Herbivore teeth and diet
Plant-eating dinosaurs dominated the landscape, far outnumbering their carnivorous counterparts. From fancy headgear and armour, to herding and enormous size, their extreme appearances and innovative survival strategies are unrivalled in the animal kingdom. Life was about finding food and attracting mates…without being eaten.
Teeth – all the better to eat with
Most of us don’t look at a fern or tree and think ‘mmm food’ so we may not appreciate the range of food options plant-eating dinosaurs had. How can we work out what plants a dinosaur munched on? One way is to compare dinosaur teeth and jaws to those of living plant-eaters whose diets we know.
Which dinosaurs didn’t chew their food?
Sauropods (long-necked plant-eaters) couldn’t chew.
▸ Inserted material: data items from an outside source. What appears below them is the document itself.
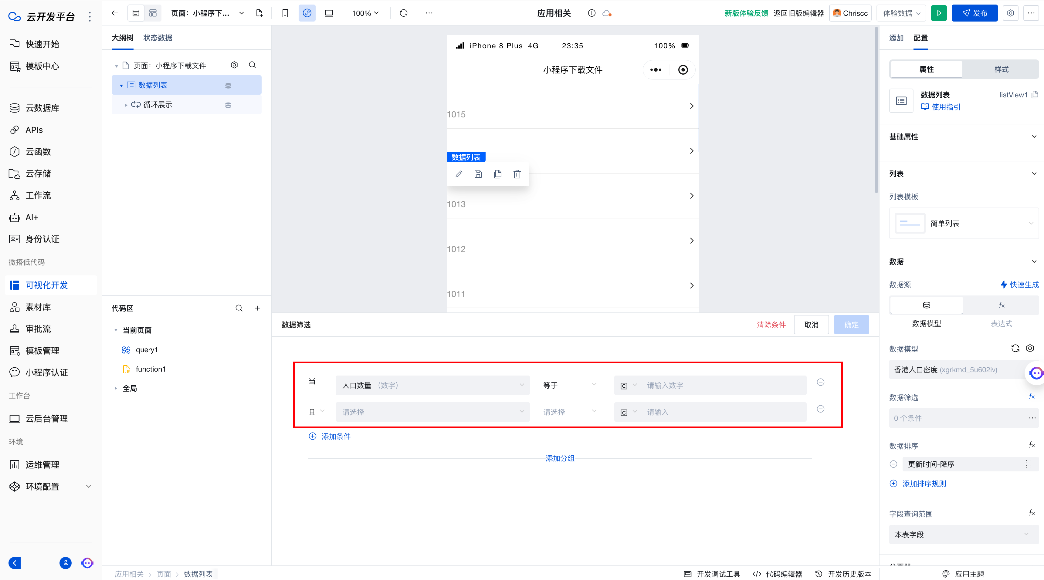 微搭平台在组件内多处使用了数据筛选条件,主要提供微搭平台下的数据按照固定条件进行筛选功能。
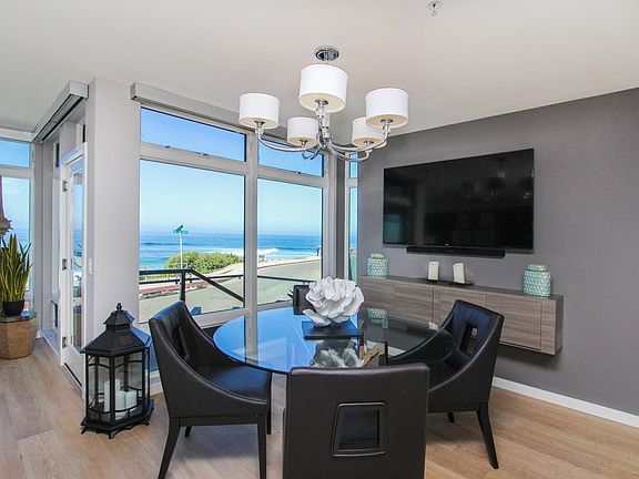 Ocean front at Windansea Beach, La Jolla, California. New in 2015. Interior design completed by award winning Swing Interiors of Los Angeles. Top of the line everything; chefs kitchen, viking appliances, flat screen 4HD Smart Tv's, mechanical blinds, gorgeous oversized outdoor patio that runs along front of unit facing ocean with private fire feature and bbq. Two underground parking spots with private elevator up to your floor. Private, quiet, gorgeous with the San Diego's best kept secret beach and ocean as your backyard. Available monthly or long term.
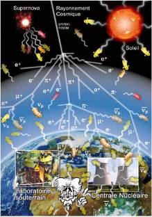 来自宇宙的粒子不分昼夜、持续不断地辐射到地球表面。它们与高层大气的原子核(氮,氧)相互作用,产生瀑布般的次级粒子流,包括π介子,k介子,μ子,电子,中微子等。
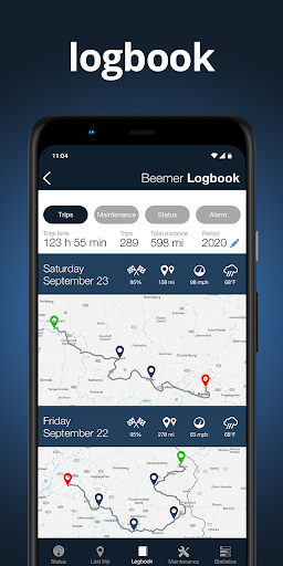 Motorcycle legacy including all rides, maintenance activities, status messages and alarm notifications.
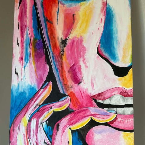 Stor abstrakt målning med kvinnoporträtt och mycket färg. Säljer tavlan som syns på bilderna, målad med breda penseldrag och tydlig signatur i hörnet.

They had no cheeks to keep food in their mouths and no grinding back teeth. Instead, they had peg-like teeth that raked and sliced leaves from trees. Some may have swallowed stones to help break up food in their stomach. Sauropod teeth differed between species. For instance, Camarasaurus had spatula-shaped teeth useful for raking tough vegetation. Diplodocus had thin teeth more suited to stripping soft leaves from plants.
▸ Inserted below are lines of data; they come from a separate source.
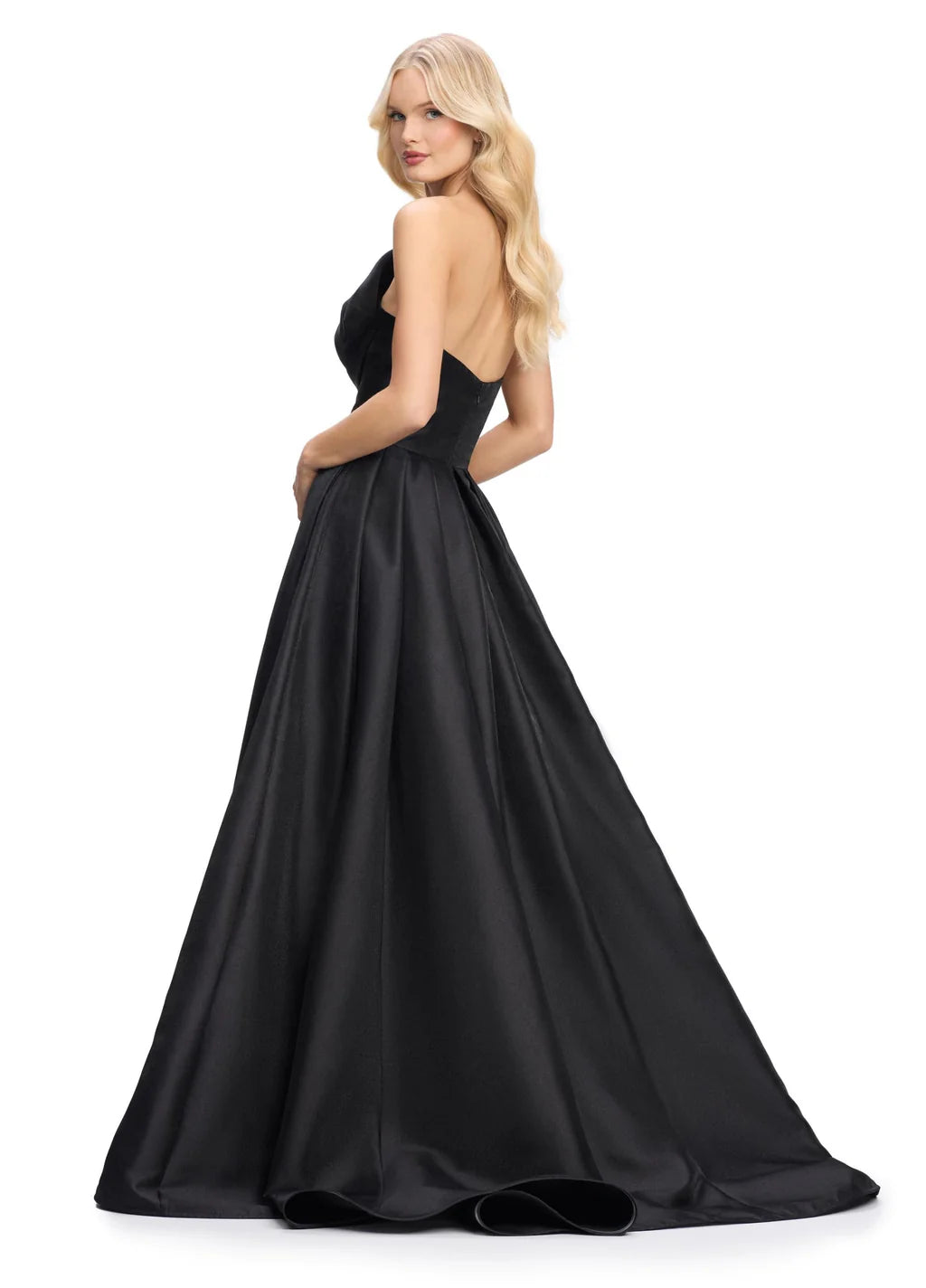 Enjoy a magical world by wearing this captivating Ashley Lauren 11609 creation. This strapless design is made from sleek mikado fabric and showcases a v-neckline with an illusion inset at the center. The asymmetrical oversized bow detail embodies extravagance, while the mid-open back has a convenient zipper for a secure and flawless fit. With a high slit allowing glimpses of your legs, the wrap-style skirt creates a ballgown silhouette as it reaches the sweeping train. This Ashley Lauren 11609 gown is sure to create a striking look that is sure to make anyone remember your grand entrance.
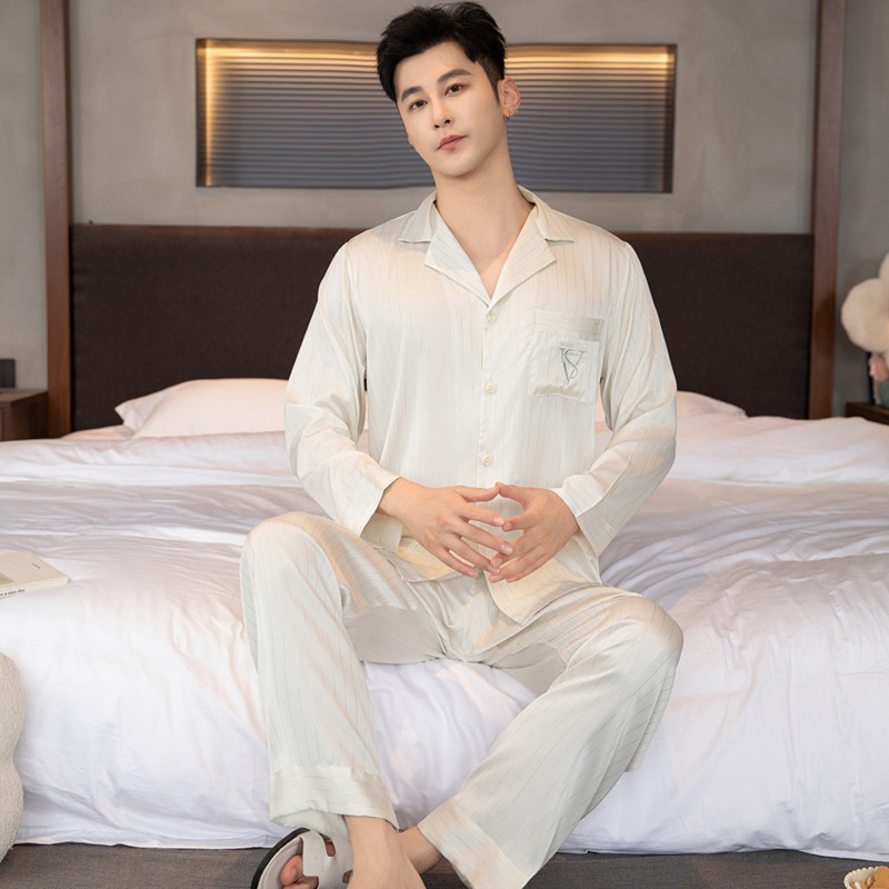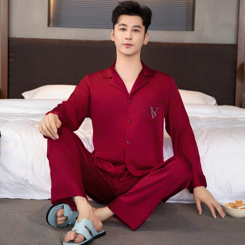 커플 얼음 실크 잠옷 여성 봄, 가을 긴팔 바지 인터넷 연예인 정장 겉옷 남성 레드 웨딩 홈웨어 겨울스토어 가기
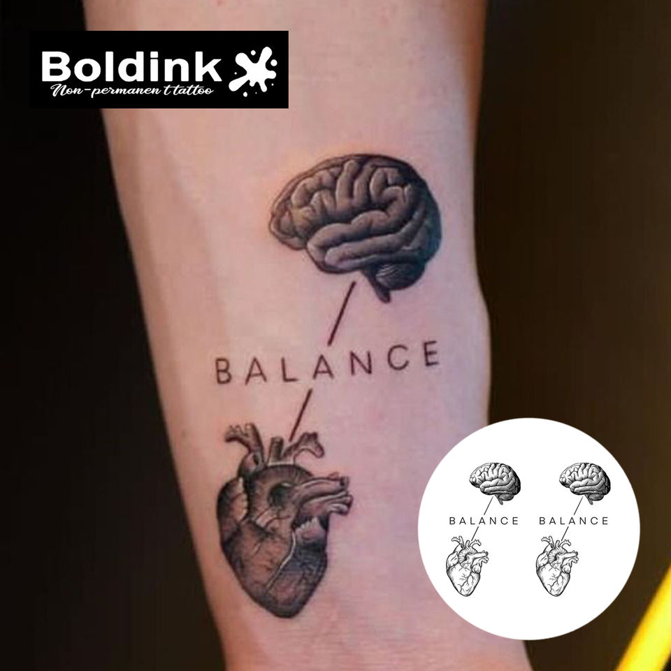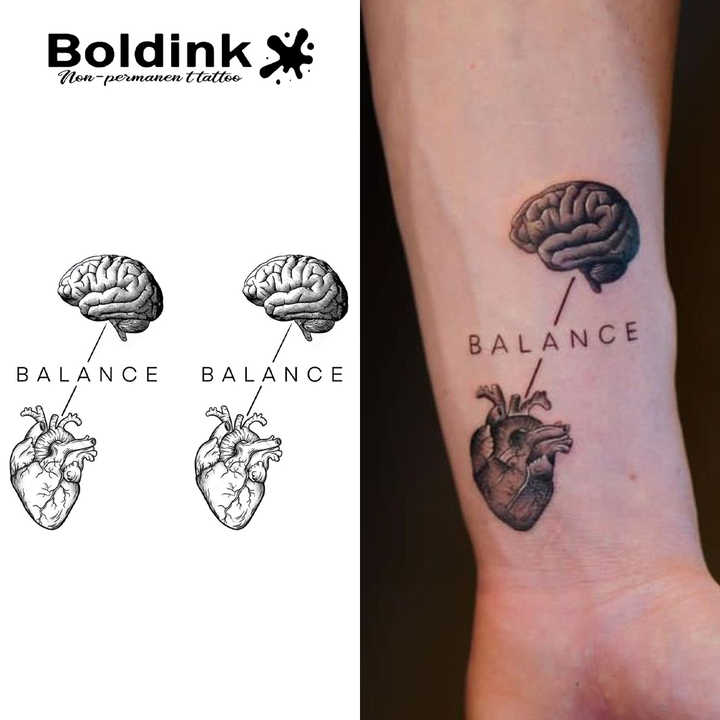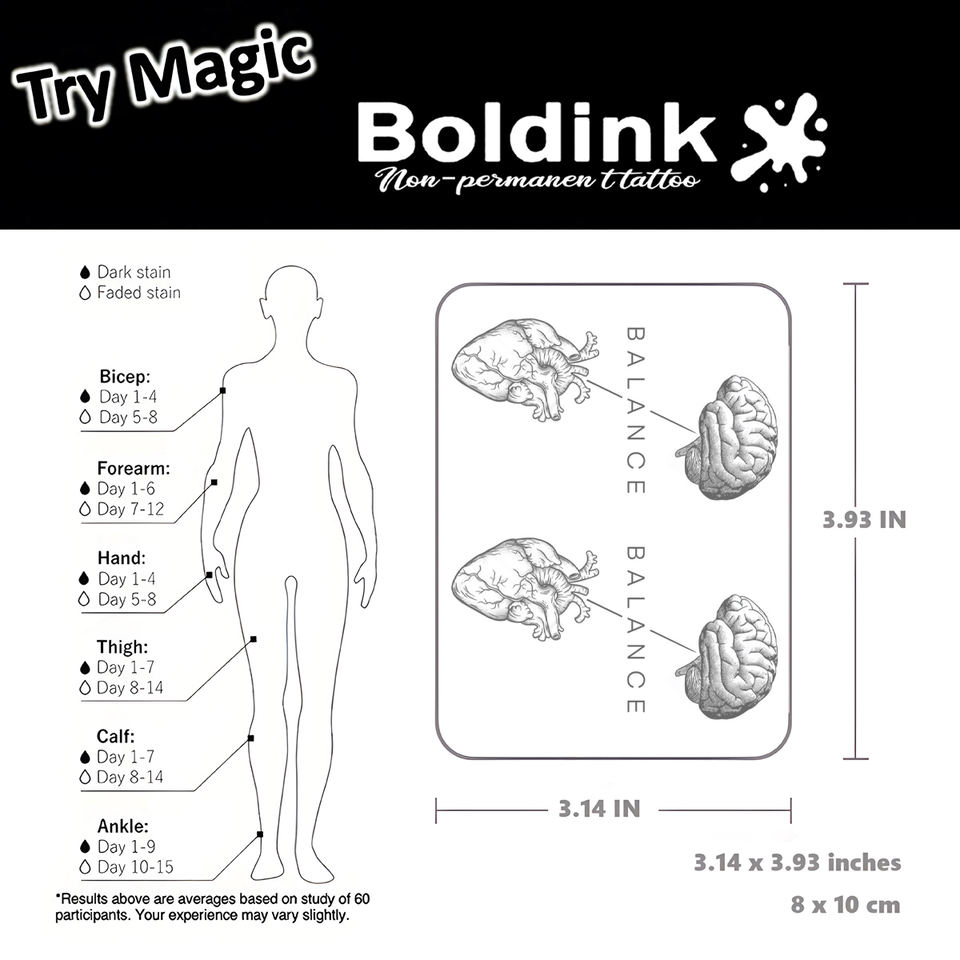 Tatuaggio Semipermanente Impermeabile Personalizzato Boldink con Scritte Estetiche Anatomiche a Tema Cuore, Cervello, Equilibrio, Braccio, Avambraccio e Polso

Which dinosaurs chewed their food?
Iguanodon, Centrosaurus, Probactrosaurus and Edmontosaurus (and other hadrosaurs) chewed plants with their grinding back teeth. They probably had cheeks to prevent food from falling out during chewing. These dinosaurs didn’t chew like us and other mammals (the only living animals that can chew) because they had a different jaw structure. Their side-to-side chewing motion resulted from an expansion of the upper jaw when the mouth closed. Most mammalian plant-eaters chew with a sideways movement of the lower jaw.
What’s on the menu?
Plant fossils indicate what food was available to dinosaurs. They also show how food options changed over time. Ferns, horsetails, club-mosses, conifers, cycads and ginkgoes dominated Triassic and Jurassic menus. The Cretaceous saw an expansion of options with flowering plants becoming dominant and grasses appearing towards the end of the period.
The ‘solid’ evidence
It may not sound pleasant, but we get excited over stomach contents, partially digested meals and poo – particularly if they once belonged to a dinosaur! Rare fossils of these items reveal specific diets in ways that plants and teeth cannot. For instance, the ankylosaur Minmi was found with seeds and leaves in its gut contents, whereas twigs, berries and tough plants were found in the stomach region of a hadrosaur. A 66-million-year-old sauropod coprolite (fossil poo) from India contained traces of grass – the earliest evidence yet for this plant.
Plant-eating dinosaurs were, in all likelihood, champion farters! Plants are hard to digest, requiring a lot of time and plenty of bacteria to break them down. One ‘end’ product of this is the gas methane.